TASK OBJECTIVE:
Please write out only the lines from the line with "11. From the" to the line with "Diseñado por Thisisnotme©", inclusive, exactly as they stand below, without the pictures.

= = = = = = =

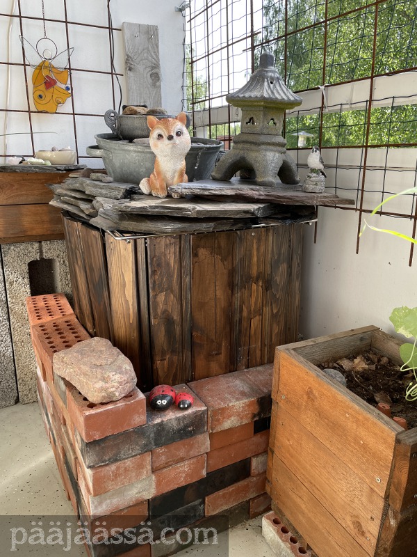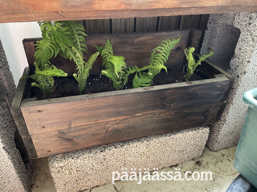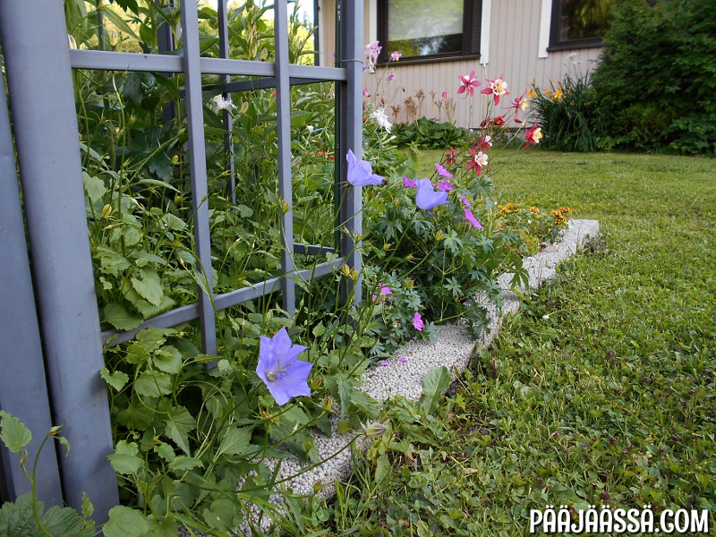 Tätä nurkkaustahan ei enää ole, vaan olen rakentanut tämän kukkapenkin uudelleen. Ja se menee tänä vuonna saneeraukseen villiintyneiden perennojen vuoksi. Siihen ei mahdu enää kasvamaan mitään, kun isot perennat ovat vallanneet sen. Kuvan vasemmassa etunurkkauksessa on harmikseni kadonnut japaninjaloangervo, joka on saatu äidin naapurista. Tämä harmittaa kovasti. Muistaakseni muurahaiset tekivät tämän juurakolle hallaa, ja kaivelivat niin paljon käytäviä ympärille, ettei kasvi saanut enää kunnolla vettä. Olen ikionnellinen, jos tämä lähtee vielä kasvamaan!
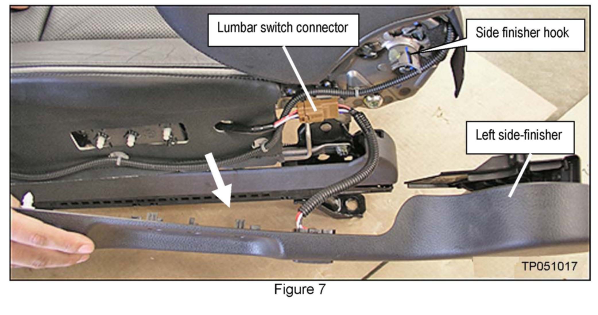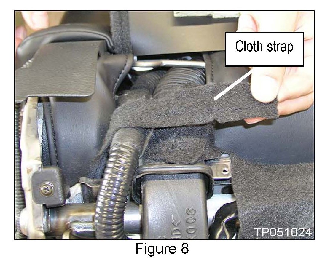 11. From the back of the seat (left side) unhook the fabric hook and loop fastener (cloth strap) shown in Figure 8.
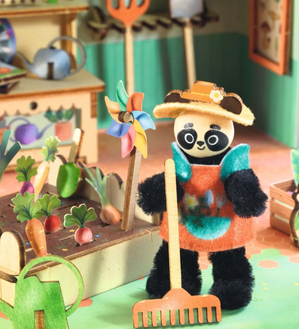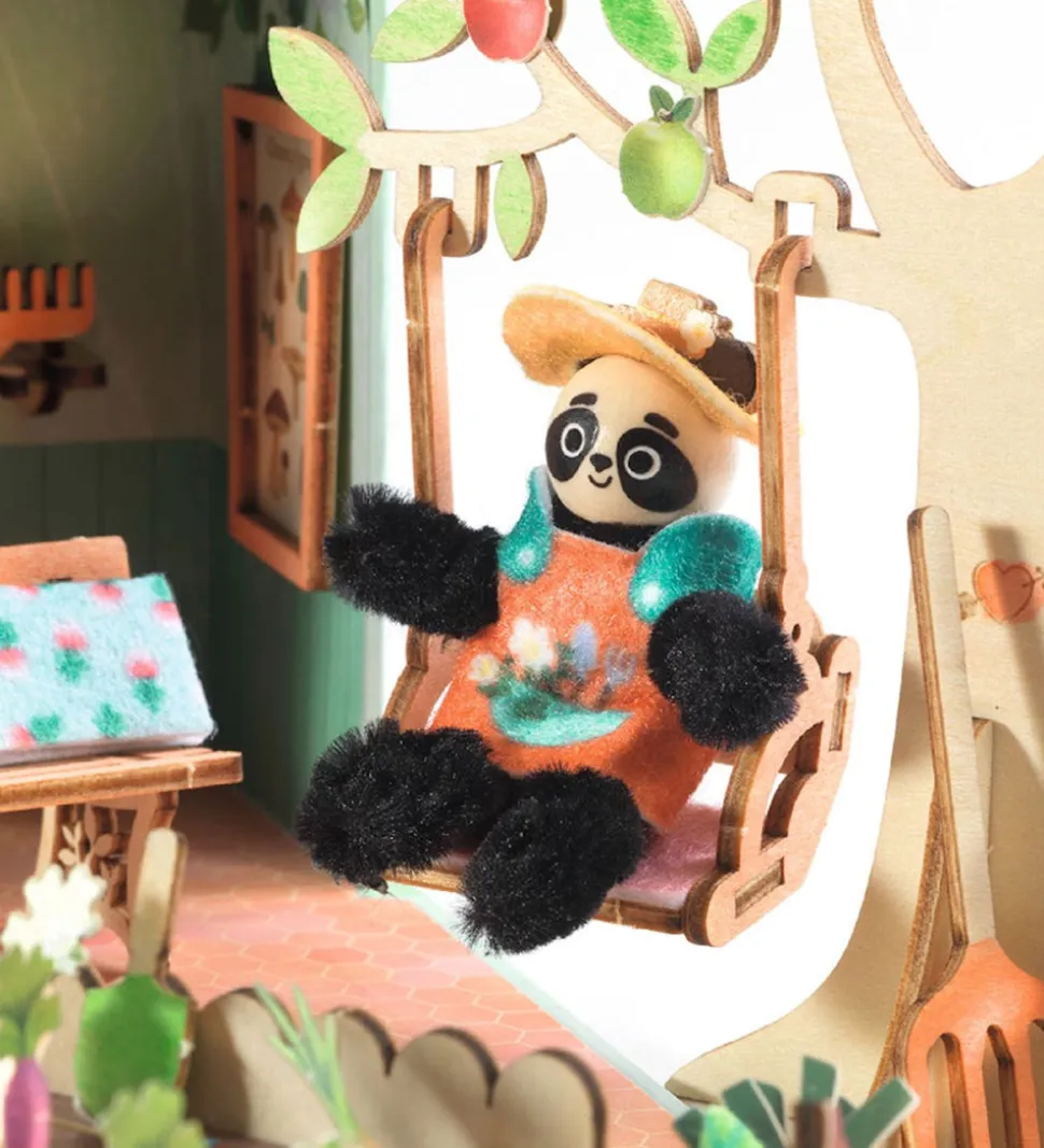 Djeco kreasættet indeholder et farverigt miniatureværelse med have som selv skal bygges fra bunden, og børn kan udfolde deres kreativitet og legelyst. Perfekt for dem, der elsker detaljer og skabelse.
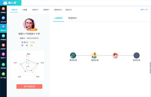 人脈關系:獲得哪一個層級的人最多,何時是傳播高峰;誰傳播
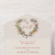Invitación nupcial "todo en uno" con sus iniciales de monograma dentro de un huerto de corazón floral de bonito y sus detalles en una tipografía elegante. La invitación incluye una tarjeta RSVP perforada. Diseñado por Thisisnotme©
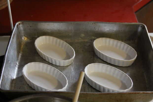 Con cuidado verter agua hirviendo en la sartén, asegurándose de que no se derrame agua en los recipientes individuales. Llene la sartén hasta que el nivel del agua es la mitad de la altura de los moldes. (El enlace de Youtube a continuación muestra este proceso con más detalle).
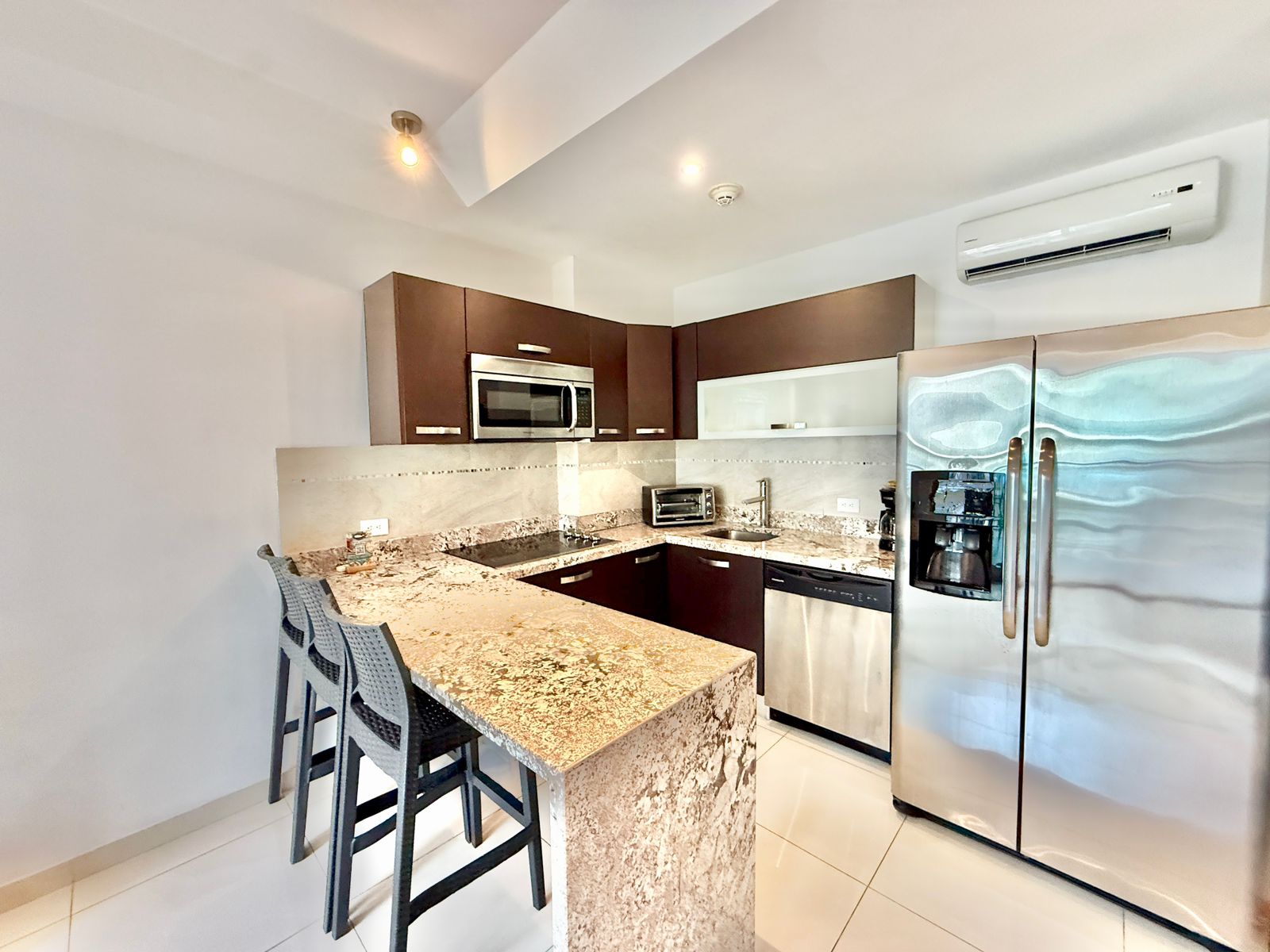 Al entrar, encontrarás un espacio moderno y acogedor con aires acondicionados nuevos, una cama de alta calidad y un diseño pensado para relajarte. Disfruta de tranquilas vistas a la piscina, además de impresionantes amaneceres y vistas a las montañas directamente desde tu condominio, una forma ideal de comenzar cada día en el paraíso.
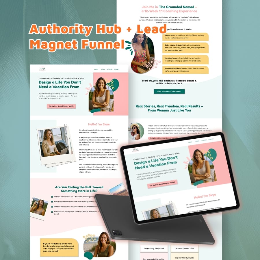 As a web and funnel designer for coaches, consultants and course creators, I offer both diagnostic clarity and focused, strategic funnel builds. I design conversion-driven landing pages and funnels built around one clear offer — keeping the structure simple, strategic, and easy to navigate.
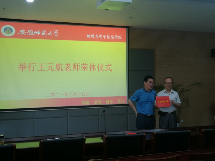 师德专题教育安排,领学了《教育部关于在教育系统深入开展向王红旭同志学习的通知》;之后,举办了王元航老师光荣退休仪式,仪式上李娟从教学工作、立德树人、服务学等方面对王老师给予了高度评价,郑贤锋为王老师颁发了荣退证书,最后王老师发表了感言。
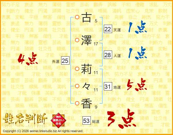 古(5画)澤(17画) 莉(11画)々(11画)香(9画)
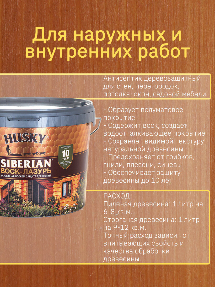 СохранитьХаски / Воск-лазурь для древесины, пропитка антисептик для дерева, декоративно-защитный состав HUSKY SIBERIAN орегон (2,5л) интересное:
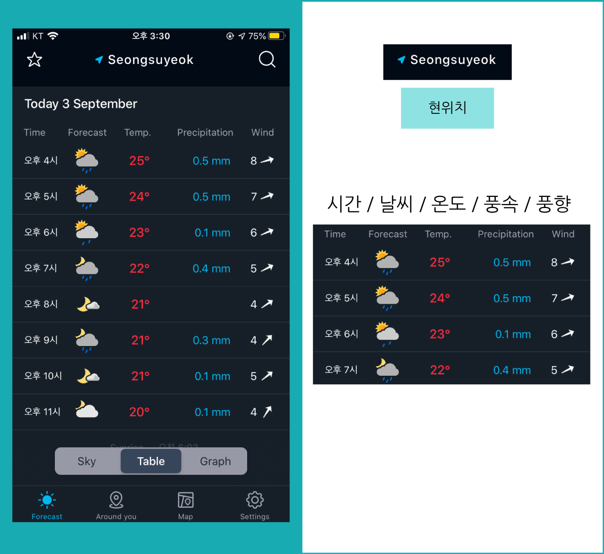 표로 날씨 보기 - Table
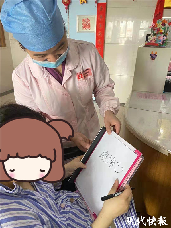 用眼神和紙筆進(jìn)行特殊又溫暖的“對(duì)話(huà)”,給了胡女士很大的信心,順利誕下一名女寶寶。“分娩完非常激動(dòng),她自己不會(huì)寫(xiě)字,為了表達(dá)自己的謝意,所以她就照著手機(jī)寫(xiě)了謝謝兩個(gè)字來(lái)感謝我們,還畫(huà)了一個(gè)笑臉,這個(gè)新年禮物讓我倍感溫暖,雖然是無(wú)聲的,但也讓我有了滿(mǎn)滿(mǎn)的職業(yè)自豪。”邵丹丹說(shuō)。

= = = = = = =

RESULT FOR THIS EXERCISE:
 11. From the back of the seat (left side) unhook the fabric hook and loop fastener (cloth strap) shown in Figure 8.
 Djeco kreasættet indeholder et farverigt miniatureværelse med have som selv skal bygges fra bunden, og børn kan udfolde deres kreativitet og legelyst. Perfekt for dem, der elsker detaljer og skabelse.
 人脈關系:獲得哪一個層級的人最多,何時是傳播高峰;誰傳播
Invitación nupcial "todo en uno" con sus iniciales de monograma dentro de un huerto de corazón floral de bonito y sus detalles en una tipografía elegante. La invitación incluye una tarjeta RSVP perforada. Diseñado por Thisisnotme©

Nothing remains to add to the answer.